Australian-born Powter, who rose to fame through a series of ‘90s infomercials where her catchphrase, “Stop the insanity!” slammed the rise of fad diets, is also seen detailing the cause of her declining financials in the documentary, which was executive produced by Jamie Lee Curtis. (The fitness instructor allegedly amassed and lost nearly $200 million in business deals at the height of her fame, per EW.)
“People don’t know. I don’t see one penny, where’s it going?” Powter says. “I never said, ‘Show me the damn bank balance.’ I should’ve. Things had happened that nobody expected… the hand-me-downs of food.”
Curtis, 66, is also seen posing the question, “How much of the downfall is someone’s responsibility and how much is it bad actors?”
According to the outlet, the documentary will discuss how “shady management and legal associates drained her finances.”
Powter, who built a fitness empire after divorcing a former husband and losing more than 130 pounds, per USA Today, is also seen shopping for groceries in the trailer. Turning a packet of food over in her hand, she says, “Why bother reading the ingredients?”
The trailer also touches on Powter’s decision to write her 2024 memoir, And Then Em Died…: Stop the Insanity! A Memoir. “I just started writing in case anything happened to me,” she tells the camera.
“I think something’s shifting. The fear, the poverty, the hopelessness. It’s this tsunami of what was, what happened, the truth,” she adds. “I’m going to blow the roof off.”
In an interview with People in October 2024, Powter spoke candidly about the past two decades of her life. At the time, the outlet noted that she lived “in a low-income senior community where two times each week a local charity hands out free meals.”
Powter, who declared bankruptcy in 1995, said, “I’ve known desperation. Desperation is walking back from the welfare office. It’s the shock of, ‘From there, now I’m here? How in God’s name?’”
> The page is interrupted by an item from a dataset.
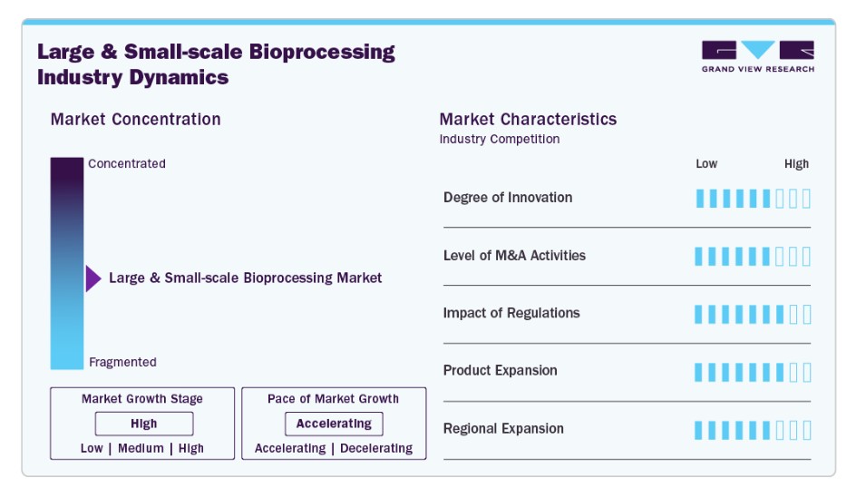 바이오의약품 기업들은 개발 기간을 단축하고 생산 비용을 절감하는 데 도움이 되는 일회용 기술 및 모듈식 바이오 프로세싱 시스템과 같은 유연한 제조 솔루션에 상당한 투자를 하고 있습니다. 바이오의약품에 대한 수요 증가글로벌 바이오 프로세싱 시장을 주도하는 주요 요인 중 하나는 세포 및 유전자 치료, 백신, 재조합 단백질, 단일 클론 항체 등을 포괄하는 바이오의약품의 급속한 성장입니다. 정밀하고 확장 가능한 제조 공정이 필요한 복잡한 치료제 특성상, 대규모 시스템(상업적 생산용)과 소규모 시스템(연구개발 및 임상시험용) 모두에 대한 수요가 증가하고 있습니다. 대규모 바이오프로세싱은 승인된 생물학적 제제의 대량 유통을 위한 일관된 품질과 규정 준수를 보장하는 반면, 소규모 바이오프로세싱은 신속한 시제품 제작과 공정 최적화를 통해 초기 단계 개발을 용이하게 합니다. 만성 질환의 세계적 증가, 고령화 인구, 그리고 맞춤형 의학에 대한 추진은 모두 이러한 생물학적 제제 붐과 밀접한 관련이 있습니다. 암, 자가면역 질환, 파킨슨병 및 알츠하이머병과 같은 신경계 질환과 같은 상태가 더욱 흔해짐에 따라 첨단 치료법이 점점 더 필요해지고 있습니다. CDMO, 바이오테크 스타트업, 제약사들은 모든 규모에서 바이오제조 역량을 확장하고 있습니다. 브랜드 생물학적 제제의 특허 만료로 촉진된 바이오시밀러 사용 증가로 인해 미생물 기반 시스템 및 일회용 솔루션과 같은 효과적이고 경제적인 생물공정 기술에 대한 수요가 더욱 증가하고 있습니다. 보고서 범위 및 제공 내용바이오기술 연구 투자 증가바이오기술 연구 투자 증가 역시 시장을 크게 견인하고 있습니다. 정부와 민간 부문은 학술 기관, 연구 기관, 산업계 간의 협력을 촉진하며 바이오기술 혁신에 상당한 자금을 투입하고 있습니다. 예를 들어 영국 바이오산업협회(BIA)에 따르면, 영국 바이오기술 보조금 지원은 2025/2026년에 증가할 것으로 예상됩니다. 바이오테크 및 의료 분야는 연구개발(R&D)과 장비 자본 투자에 대한 자금을 지원받았습니다. 혁신 자금 지원은 5배 증가했으며, 특히 의료 분야와 같이 디지털화를 진행 중인 자금 지원이 부족한 지역 및 분야에 집중되었습니다. 일회용 시스템, 연속 공정, 모듈식 제조와 같은 첨단 바이오 공정 기술의 개발 및 상용화는 증가된 자금 지원으로 가속화되고 있습니다. 또한, 기존에 지원이 부족했던 지역에 새로운 연구 시설과 파일럿 규모 단위를 구축할 수 있게 되어, 신생 기업과 기존 바이오제약 기업 모두 신약 치료법의 효율적인 확장에 도움을 주고 있습니다. 전반적으로 이러한 투자는 생산 유연성을 개선하고, 규제 대비 태세를 강화하며, 급변하는 바이오테크 환경에서 글로벌 경쟁력을 높입니다. 시장 집중도 및 특성대규모 및 소규모 바이오프로세싱 산업의 높은 혁신성은 시장 성장을 주도하는 핵심 동력입니다. 자동화 생물반응기 시스템, 실시간 분석, 공정 집약화, AI 기반 공정 최적화 등의 지속적인 발전은 생물학적 제제의 개발 및 제조 방식을 변화시키고 있습니다. 연속 바이오프로세싱, 일회용 기술, 모듈식 시설과 같은 혁신은 더 빠르고 유연하며 비용 효율적인 생산을 가능하게 합니다. 예를 들어, 2025년 4월 써모피셔사이언티픽은 가속기 플랫폼과 고수율 CHO K-1 세포주를 포함한 향상된 통합 플랫폼 솔루션을 공개하여 신약 임상시험(IND) 신청 기간을 13개월에서 9개월로 단축했습니다. 이러한 솔루션은 최대 8g/L의 단백질 발현과 안정적인 생산을 제공하여 유전자에서 환자까지 생물학적 제제 개발을 간소화합니다. 이러한 혁신은 개발 기간 단축, 확장성 향상, 제품 일관성 제고를 가져오며, 이는 단일클론 항체 및 세포·유전자 치료제와 같은 복잡한 치료제에 특히 중요합니다. 바이오프로세싱 및 바이오의약품 산업에서 증가하는 인수합병(M&A) 건수는 업계 역학에 큰 영향을 미칩니다. 대형 제약 및 바이오테크 기업들은 기술 포트폴리오 강화, 생산 능력 확장, 첨단 바이오프로세싱 플랫폼 확보를 위해 혁신적인 중소기업을 적극적으로 인수하고 있습니다. 예를 들어, 2024년 10월 스위스 기업 론자(Lonza)는 12억 달러에 캘리포니아 바카빌 소재 제넨테크(Genentech)의 대규모 바이오제조 시설 인수를 완료하며 글로벌 포유류 생산 네트워크를 확장했습니다. 이러한 전략적 통합은 제품 개발 파이프라인을 가속화하고 시장 출시 시간을 단축하며 통합된 종단간 바이오제조 솔루션을 촉진하여 글로벌 바이오프로세싱 시장의 전반적인 성장과 성숙에 기여하고 있습니다. 규제 프레임워크는 품질, 안전성 및 규정 준수에 대한 엄격한 요구사항을 설정함으로써 바이오프로세싱 산업을 강력하게 형성합니다. 미국 FDA 및 EMA와 같은 기관의 지침은 바이오프로세싱 시스템이 높은 GMP, 검증 및 데이터 무결성 기준을 충족하도록 보장합니다. 이러한 규정은 소규모 기업에게는 어려울 수 있지만, 궁극적으로 첨단 규정 준수 기술과 더 큰 공정 표준화에 대한 수요를 촉진합니다. 기업들이 생물학적 제제 제조의 진화하는 수요를 충족시키기 위해 지속적으로 첨단 기계, 소모

She continued, “There was nothing but lawsuits in the ‘90s. They put me in pearls. They produced me out of me. Those segments — I can’t even watch them now.”
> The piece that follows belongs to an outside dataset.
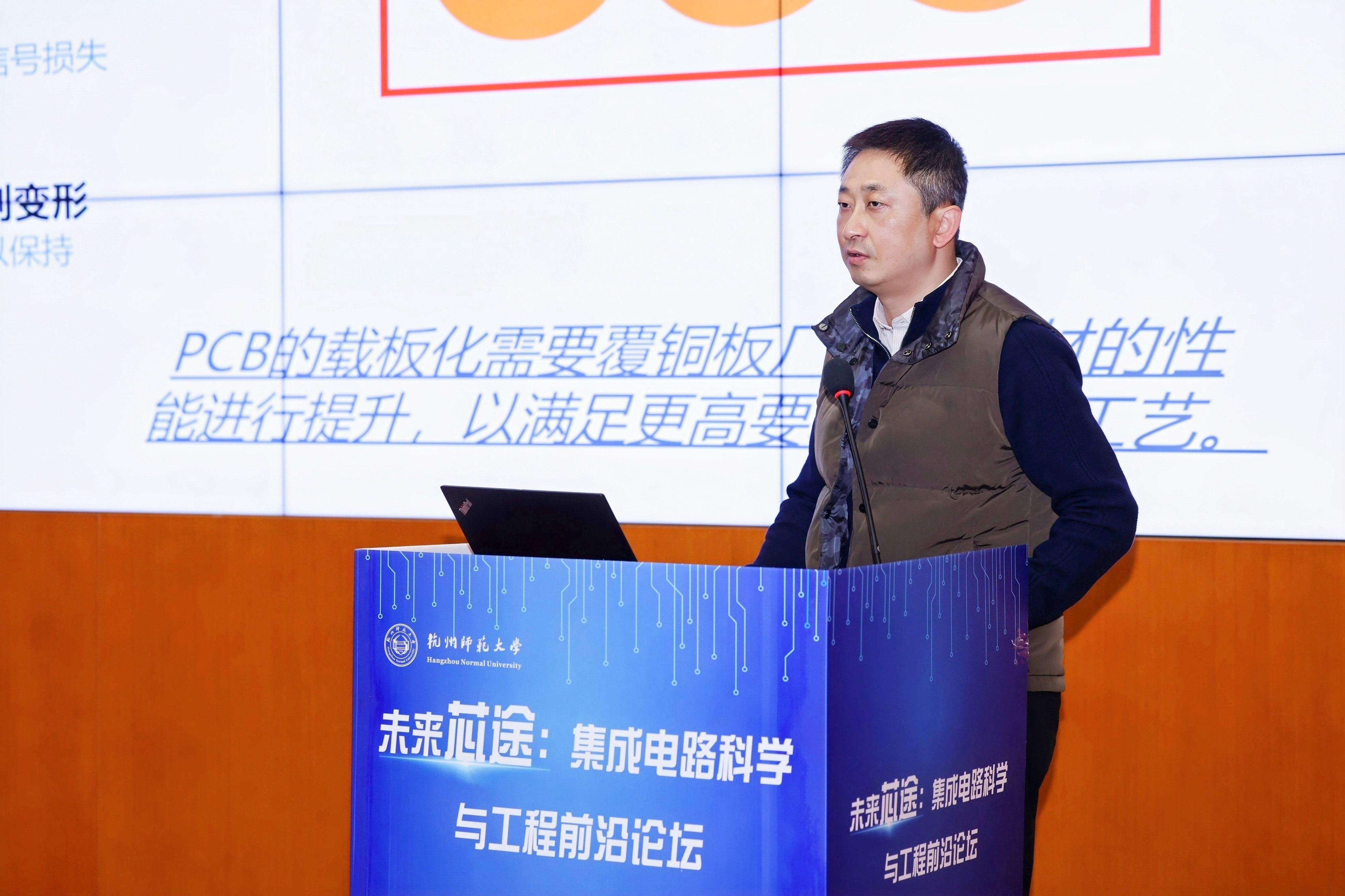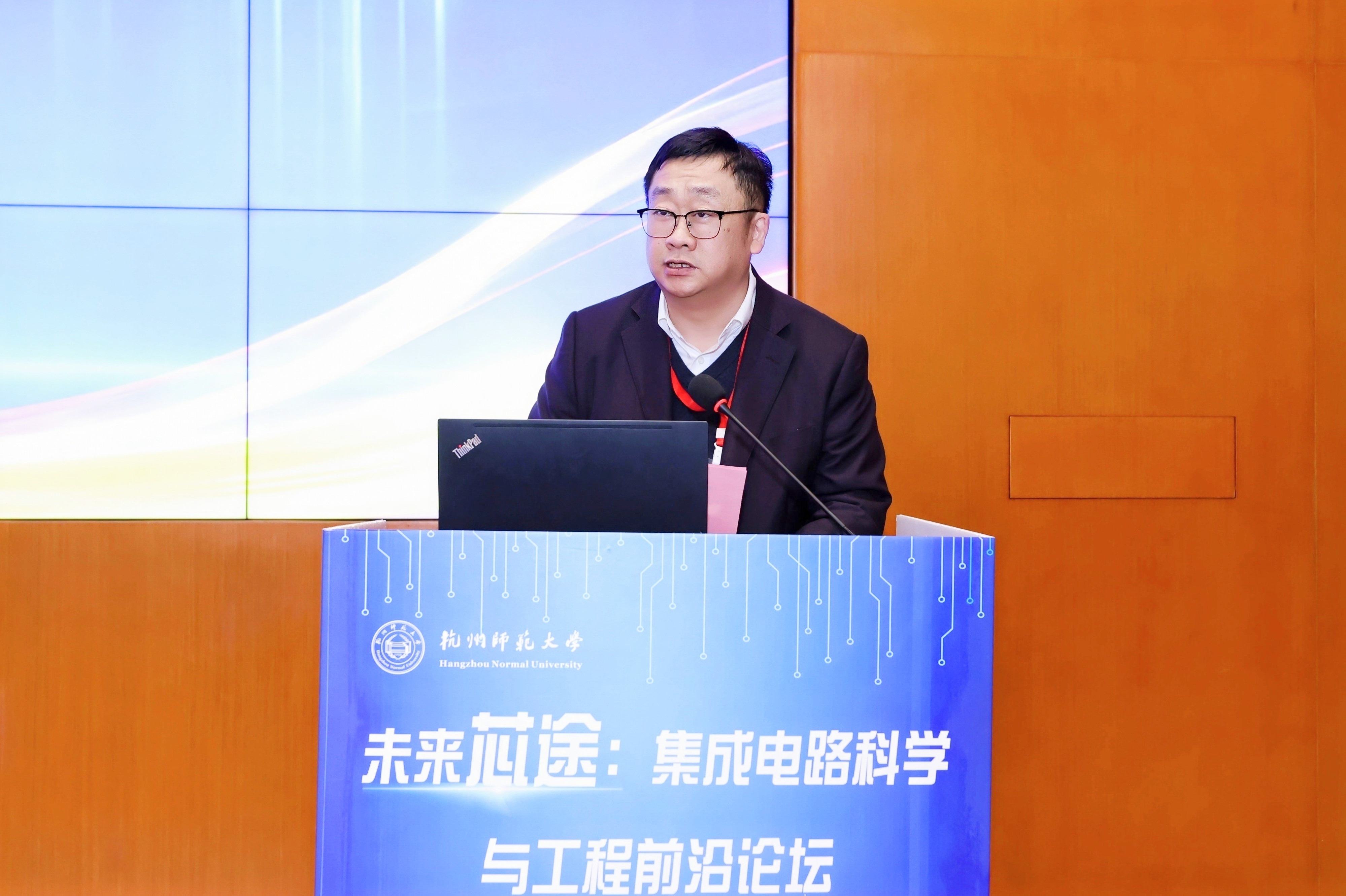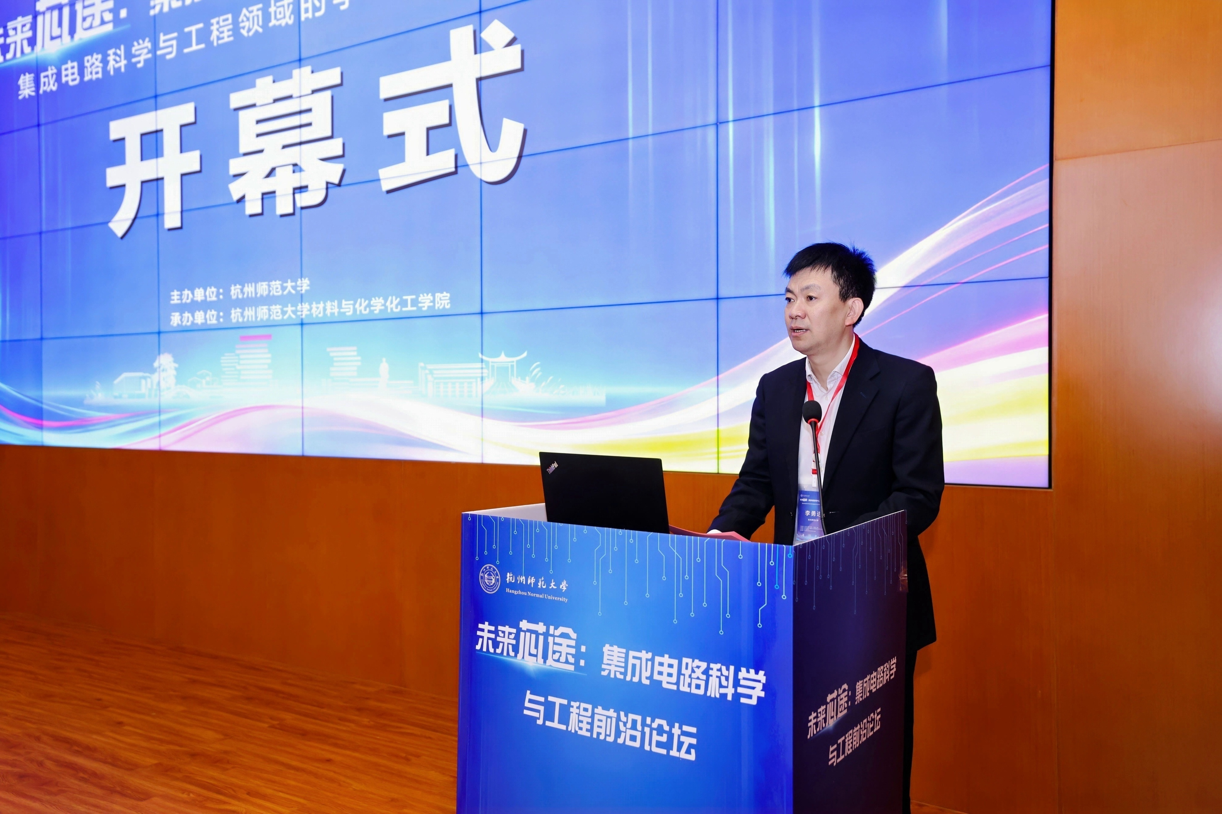 张杭君代表学校向与会嘉宾表示热烈欢迎和衷心感谢。他指出,发展集成电路产业是国家的重大战略部署,集成电路已成为现代工业的“心脏”和战略安全的核心要地。杭州师范大学作为一所以师范教育为传统、文理并重的综合性大学,近年来在学科建设与科研创新方面取得了一系列突破。学校高度重视集成电路相关学科的发展,正积极谋划建设集成电路与新能源功能膜材料工程研究中心,依托学校在材料、化学、物理、信息等领域的学科基础与人才储备,力争实现新的突破。他强调,集成电路是高度交叉融合的学科,其发展离不开多学科的深度协同与产学研的紧密合作。本次论坛的举办恰逢其时,希望与会专家深入交流、碰撞思想,共同为我国集成电路事业发展贡献力量。

Powter also made several management claims regarding her finances during the interview. “Someone else was handling it. I never checked balances,” she alleged. “I should have questioned. I fully acknowledge that. I made a mistake. I knew how much control I gave up. I didn’t know what got paid where, but I had no property. There was no fund left for my children.” (Powter is mother to three sons including a third whom she adopted as an infant after publicly coming out as a lesbian in 2004.)
She also discussed her job as a food delivery driver. “I’ve got 4,800 total trips,” she told the outlet. “I’m a hard worker and I take care of that food and I’m proud of the work I put in … I’m not looking for a big fancy-schmancy life.”